The ponies started at her with shock.
"The thief has been identified as Sunset Shimmer," Celestia continued, "Sonic, Tails, Knuckles, Amy, and Shadow; you five must enter the mirror and retrieve the crown."
The ponies looked at them quizzically.
"Why can't the rest of us help her?" Twilight asked.
"This other world supposedly parallels this one by some degree," Celestia explained, "I don't want to disrupt it any more than I haft to."
Sonic gave her a half smile, "Don't worry, we can handle whatever might await us."
Celestia smiled, "Then may good fortune be with you all. Be careful."
Sonic, Tails, Knuckles, Amy, and Shadow passed through the mirror one by one.
Sonic was the first to pass through to the other side. As his friends followed behind him, he beheld the scenery that was in front of him. It was a large school complex, with a fence and gate surrounding the property. There was a fountain looming behind them; and he can see a couple of stray students rushing towards the building as the bell ring.
When he turned around, he suddenly found four humans staring at him with astonishment.
"Guys?" Sonic asked.
The four were looking over themselves and no longer felt fur on their skins. Amy almost squealed with sudden terror.
"We changed into humans," Tails said, "This world must have changed our appearances," He whistled when he got a good look at Sonic, "You look good by the way."
Sonic checked himself more thoroughly.
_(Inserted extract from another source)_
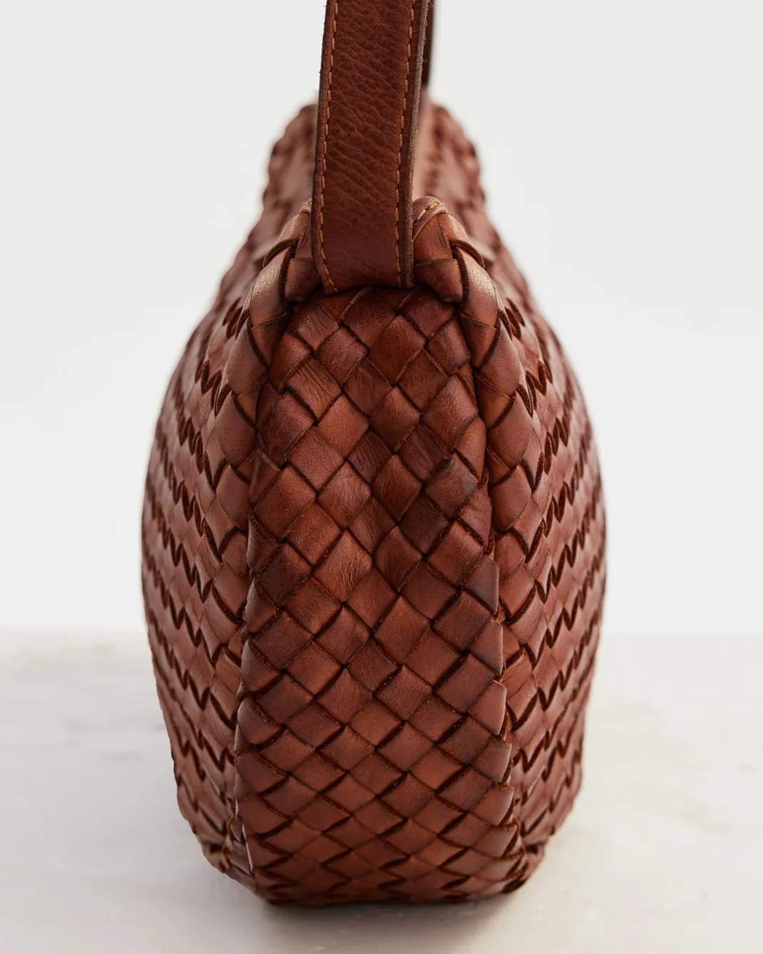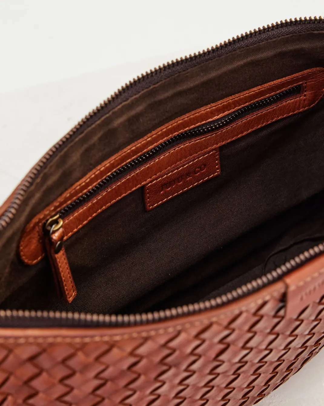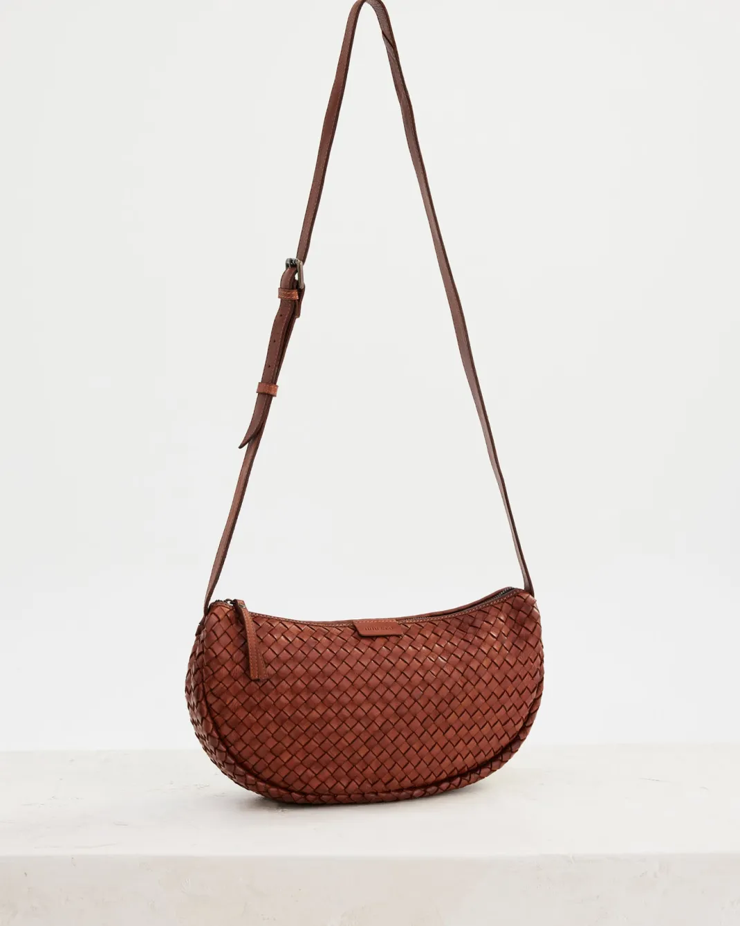 W28cm L19cm D7cmWoven leather designNon-removable and adjustable belt crossbody strapZipper closureOne internal zip pock…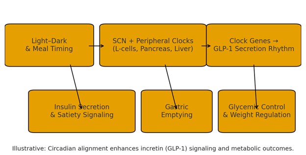 Figure 3. Conceptual pathway: light–dark and meal timing entrain peripheral clocks that gate GLP‑1 secretion and downstream metabolic effects.

He was a wearing a yellow and white school uniform like the others. He had white skin, and from running a hand through his hair, he felt it spiked.
"You don't look bad either," Sonic commented back, "I didn't know you to be a blond."
"I'm a blond?" He asked.
He walked over to the water fountain and checked his reflection on the water. He had two ponytails dangling from the back of his head. He suddenly noticed the glasses he was apparently wearing.
"Huh," He mused, "Who would have thought."
Amy joined him and checked herself as well. Her short, pink hair dangled around her head; and although her skirt matched the school, it was brushed and wide, just like the skirt in the other world.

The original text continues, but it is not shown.